Task directions: Begin at the first line of the data and copy each line through the one containing "ページの新規作成の時にはなか", that line included, with no pictures.

#### Provided material ####

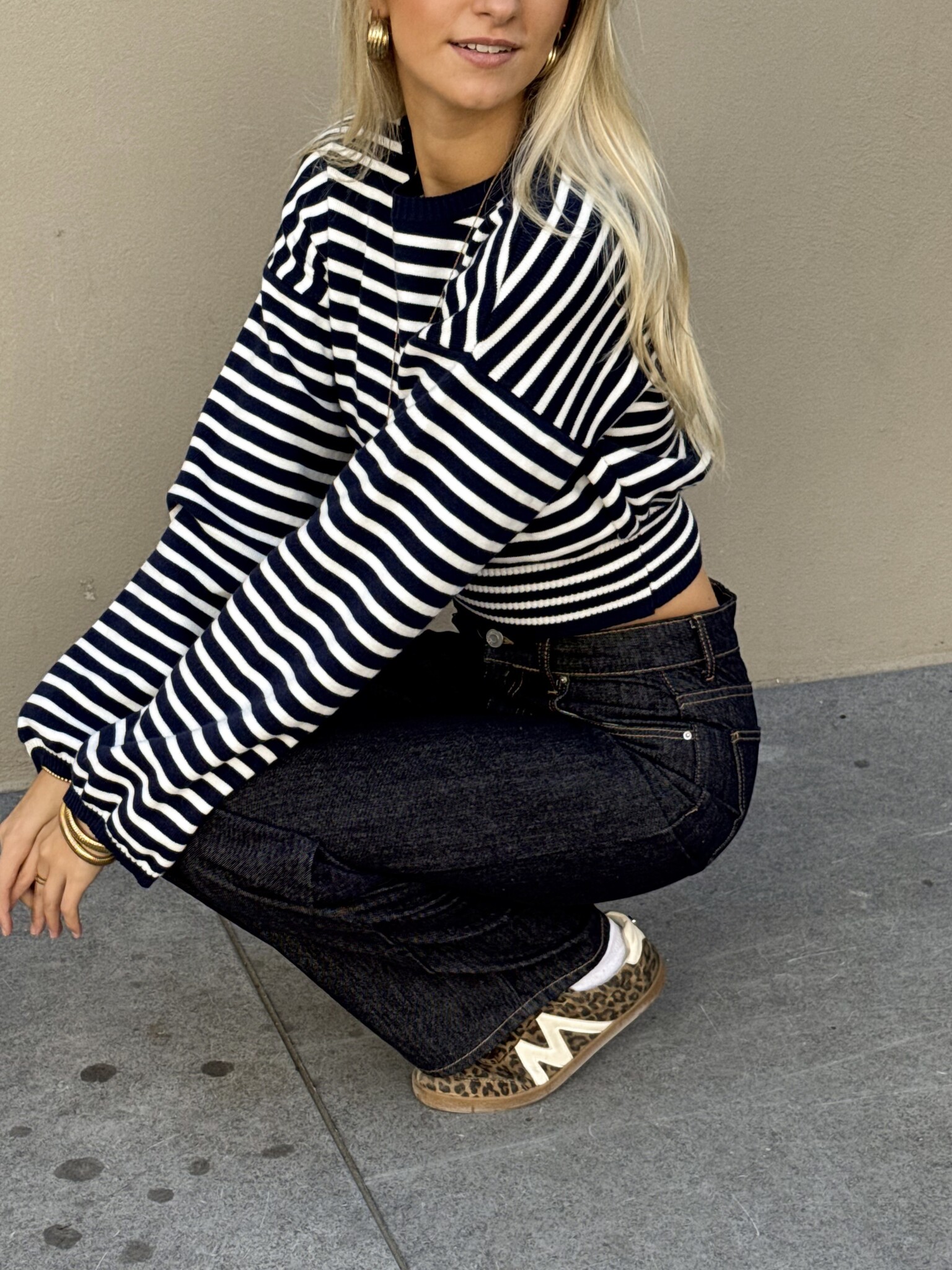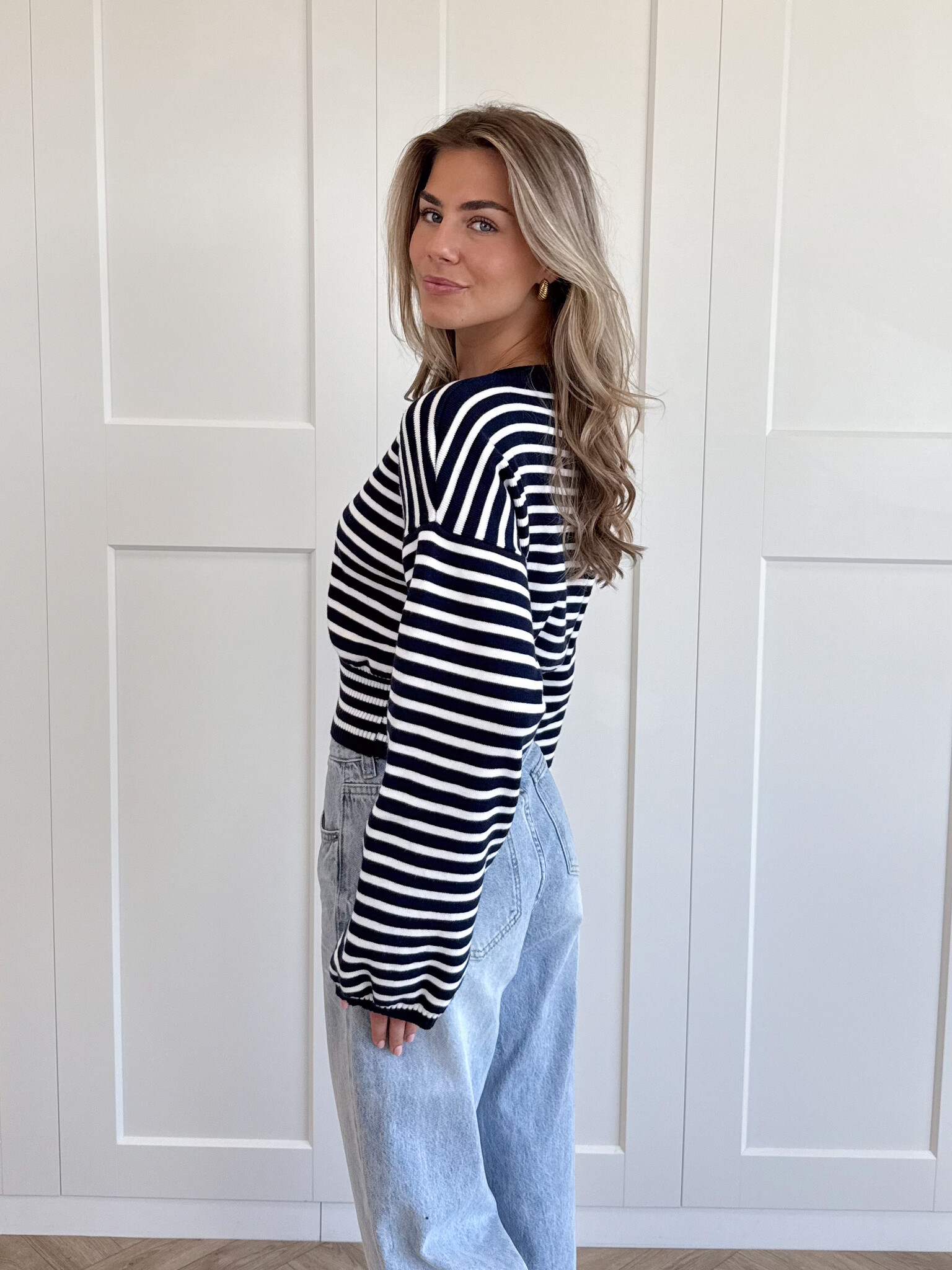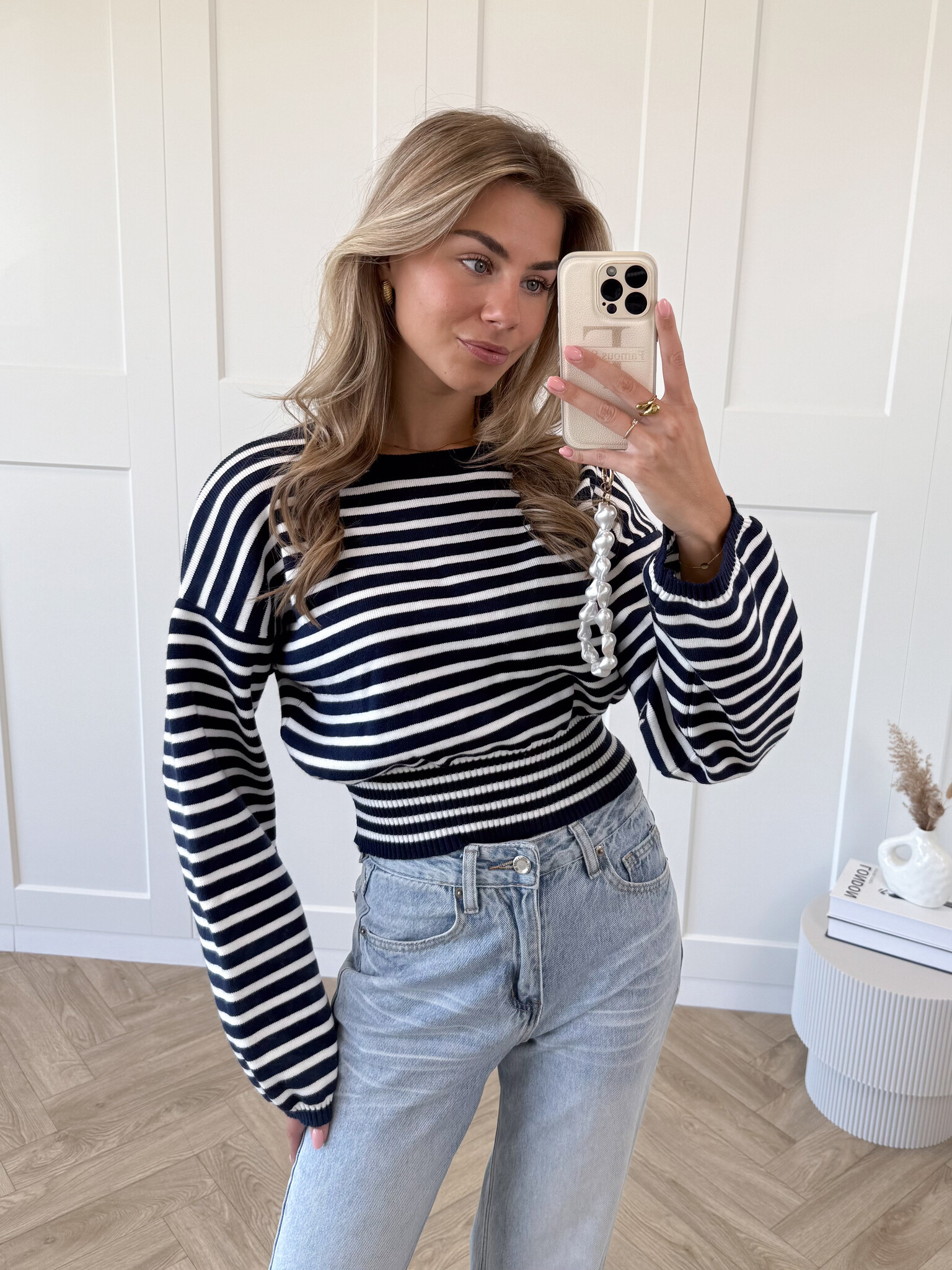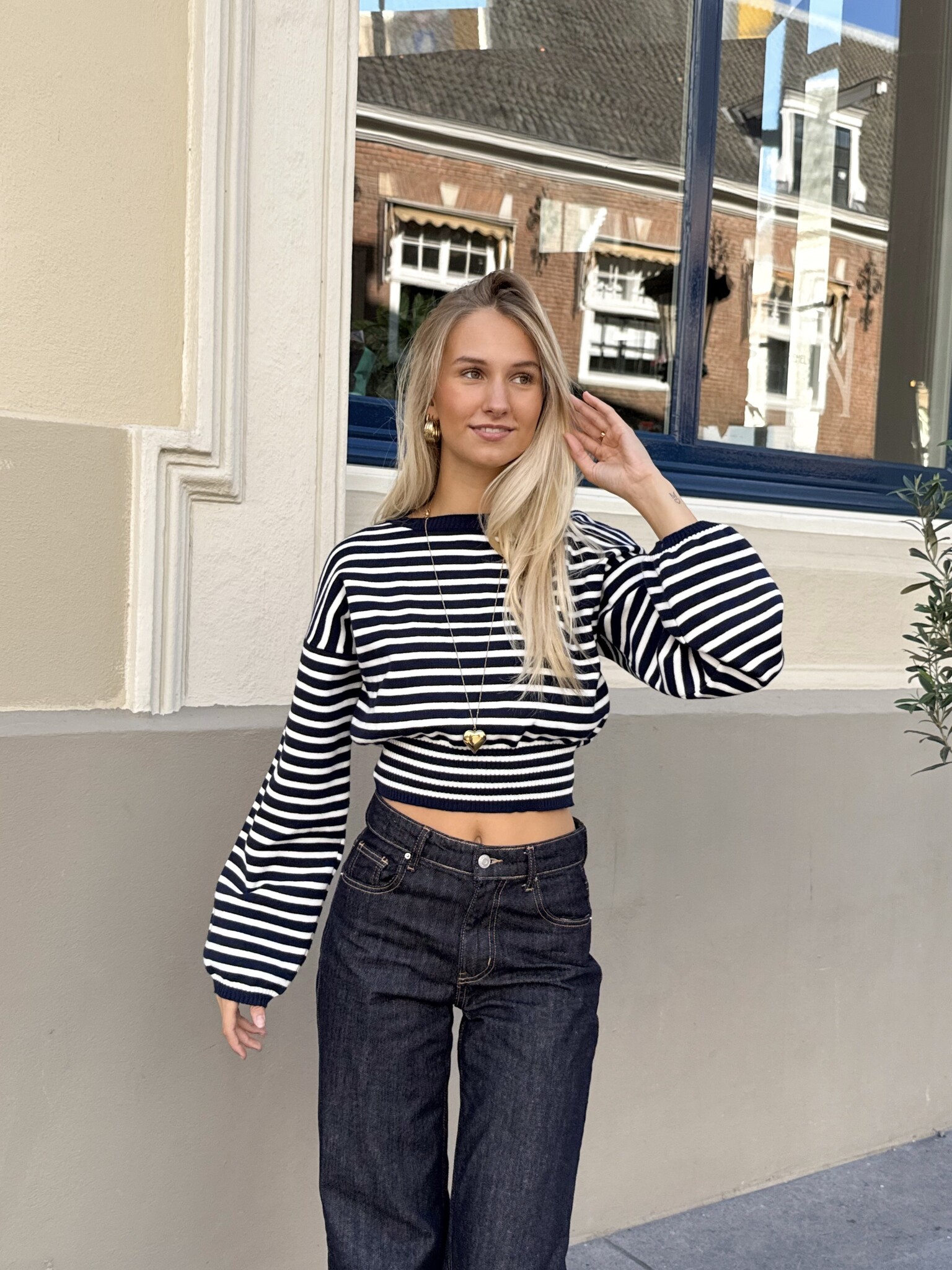 Strepen, strepen en nog meer strepen! Een print die nooit uit de mode zal raken. Deze trui is daarom een echte tijdloze musthave. Deze trui zit aan de onderkant wat getailleerd, waardoor het een mooi model geeft. Het zit heerlijk door de goeie stretch. Dit truitje valt mooi soepel en houdt je lekker warm voor de koudere dagen. Je shopt deze trui in twéé verschillende kleuren!
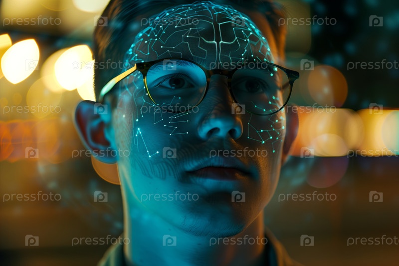 Портрет молодого человека с очками, анализирующего цифровой интерфейс мозга
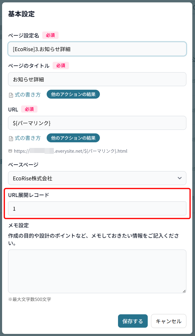 ページの新規作成の時にはなかった「URL展開レコード」が追加されているため、上記で設定したアクション1を指定します。
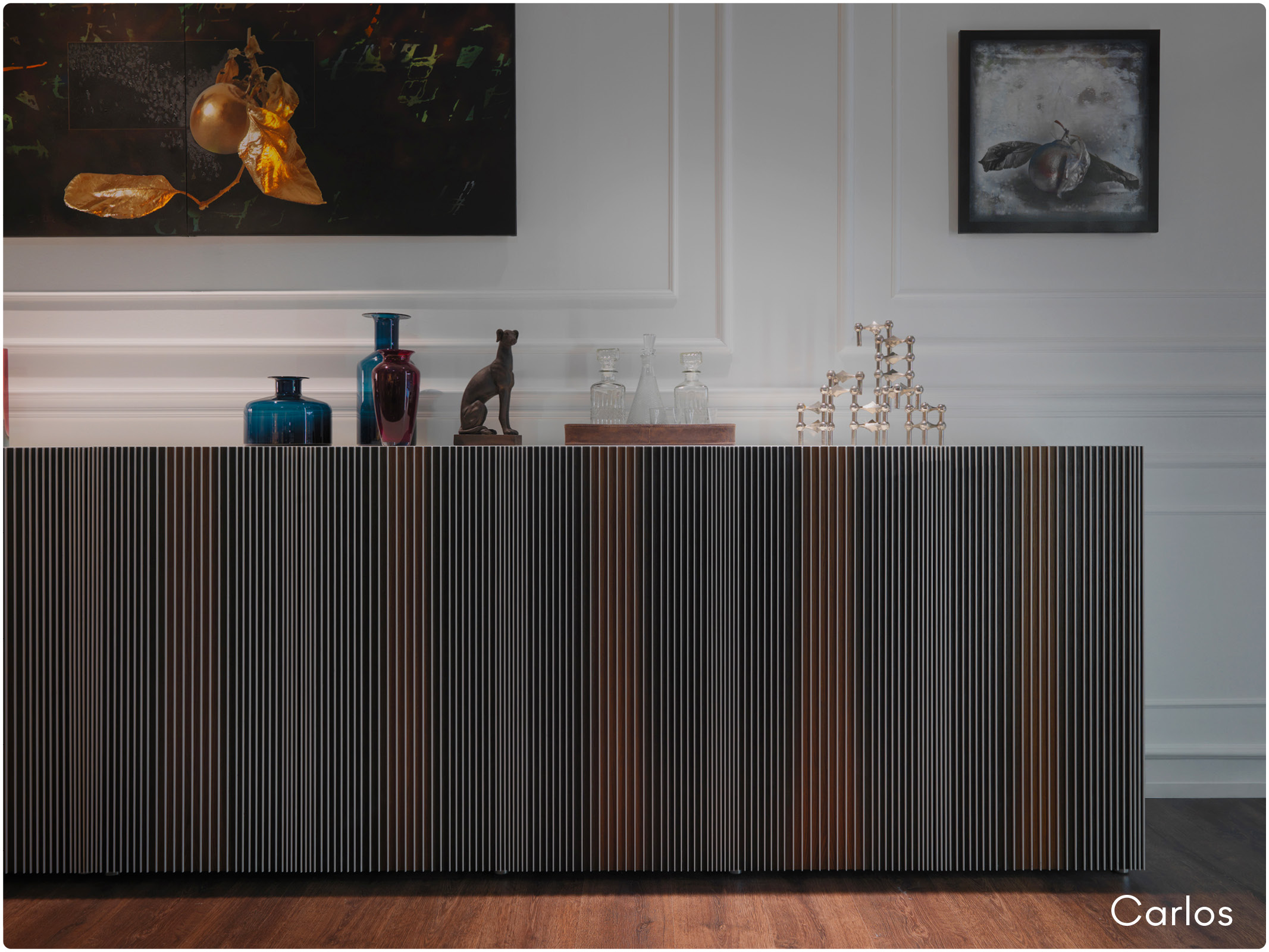Qualche anno fà, lo studio delle opere del Maestro ha portato Renato Zamberlan, designer e Product Advisor di Horm, a ideare la madia Carlos che pone l’osservatore al centro di un esperimento cinetico: non più un mero spettatore ma un vero e proprio attore che interagisce col mobile, variando il colore al variare del punto visivo, percependo l’effetto di un sipario che si apre e si chiude.
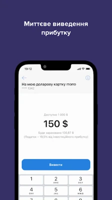Миттєве виведення прибутку Виводьте прибуток із брокерського рахунку на доларову картку миттєво. Податки сплатимо автоматично у момент виведення прибутку.
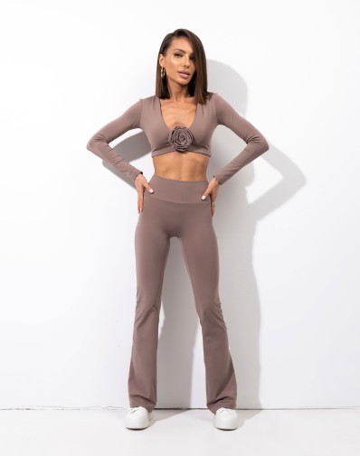 Krótki, dopasowany top z eleganckim dekoltem w serek i długim rękawem. Pod biustem wszyta guma zapewnia idealne dopasowanie i komfort noszenia. Przód i tył topu uszyty jest z podwójnego materiału oraz posiada wkładki na biust, dzięki czemu nic nie prześwituje. Dołączona materiałowa róża daje możliwość efektownego,romantycznego uroku.Klasyczny model, który świetnie sprawdzi się w wielu stylizacjach.Stwórz zestaw z innymi modelami MELLA .
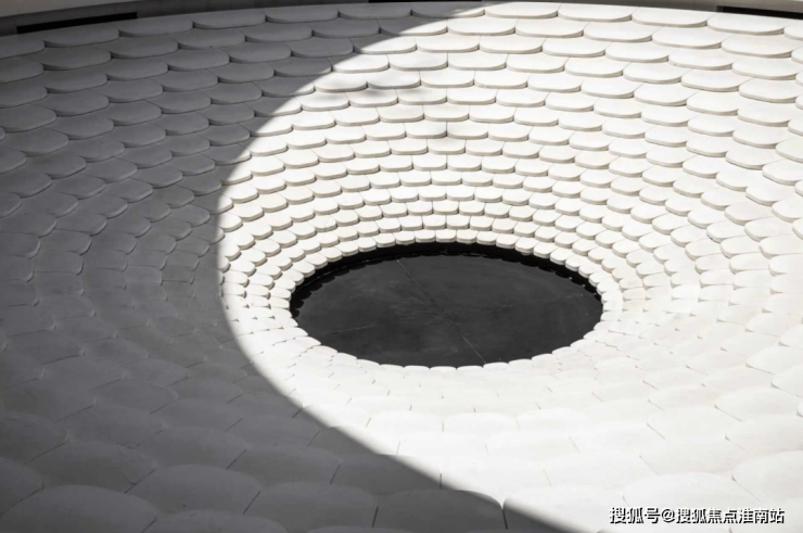 浮光池院水院会客厅,现已实景呈现,水景中央的艺术小品,如一滴水在湖面晕开,泛起阵阵涟漪。
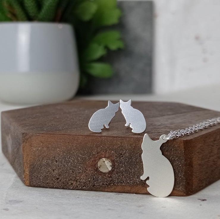 I have created this necklace by cutting the cat shape from recycled sterling silver by hand, after filing and finishing it was attached to a sterling silver chain. It is part of a collection of sterling silver animal jewellery, which includes matching earrings.

####

Your solution:
 Strepen, strepen en nog meer strepen! Een print die nooit uit de mode zal raken. Deze trui is daarom een echte tijdloze musthave. Deze trui zit aan de onderkant wat getailleerd, waardoor het een mooi model geeft. Het zit heerlijk door de goeie stretch. Dit truitje valt mooi soepel en houdt je lekker warm voor de koudere dagen. Je shopt deze trui in twéé verschillende kleuren!
 Портрет молодого человека с очками, анализирующего цифровой интерфейс мозга
 ページの新規作成の時にはなかった「URL展開レコード」が追加されているため、上記で設定したアクション1を指定します。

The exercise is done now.